The royal flag over the palace was flapping as vigorously as the heart of the new sultan lying wide awake that afternoon on his palatial bed. He had dealt with one rebellious uprising after another since he came to power, putting an end to the despotic rule of a dynasty. He was confident of his prowess, had been to battlefields without armour, flaunting his bare chest, had massacred entire armies of predatory animals single-handed, almost. These were mere insects he had thought, but the pests had turned out to be more untameable than he had assumed. He indeed had a very vivid imagination. It had helped him crush their menace each time. But the December winds were cruel.

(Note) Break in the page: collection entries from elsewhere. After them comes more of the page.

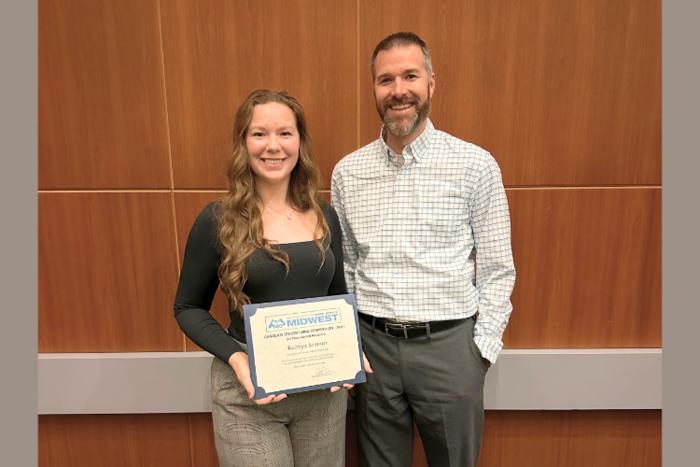 University of Illinois Urbana-Champaign researchers Kaitlyn Sommer (left) and Ryan Dilger (right) studied the effect of feeding style on growth of piglets, leading to insights for both production agriculture and biomedical studies using the pig model.
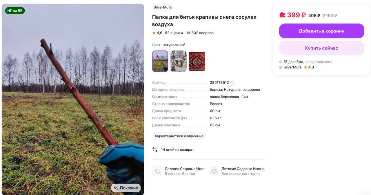 Если у вас сегодня по плану есть онлайн шопинг, то держите супер находку — палка для битья крапивы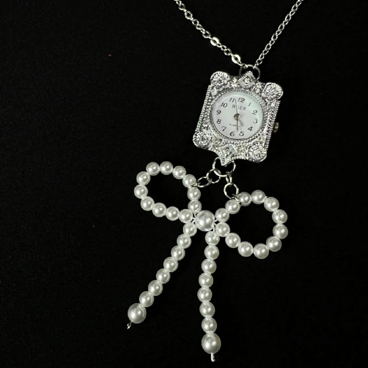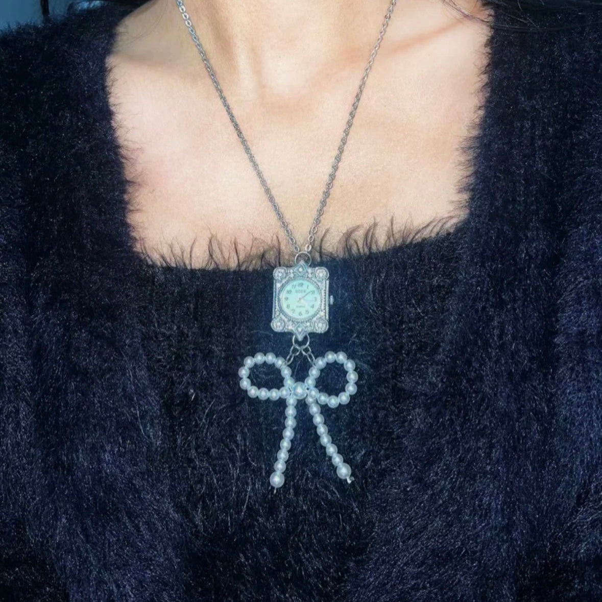 A classy watch necklace paired with a pearl bow adds some elegance and cuteness to your temperament. Wearing it makes you look more unique.

What was needed this time was a massive stock of metarhizium anisopliae. That parasitic fungus which grows naturally in soils across the world and destroys insects. A committee of top experts had declared it would be cheaper, more effective and longer lasting to have them killed by that parasitic fungi, a force eating them up from inside. The storage was already arranged by the rich allies. The challenge was to find bands of young ones and hit them hard with biopesticides.
It was already evening, and he was tired. He wished his mind would just rest, stop racing about. It was not just the incessant noise of protesting locusts that had come to occupy the air and make things so unbearable. There was something else tormenting him, from within. Was this his ego? Was he really afraid? Or was he anxious about what might descend in the night? Had he just begun to sense the waning of his powers? This self-interrogation was painful. He let his mind escape through the window with a casual glance outside. The setting sun on the dark horizon looked ominous.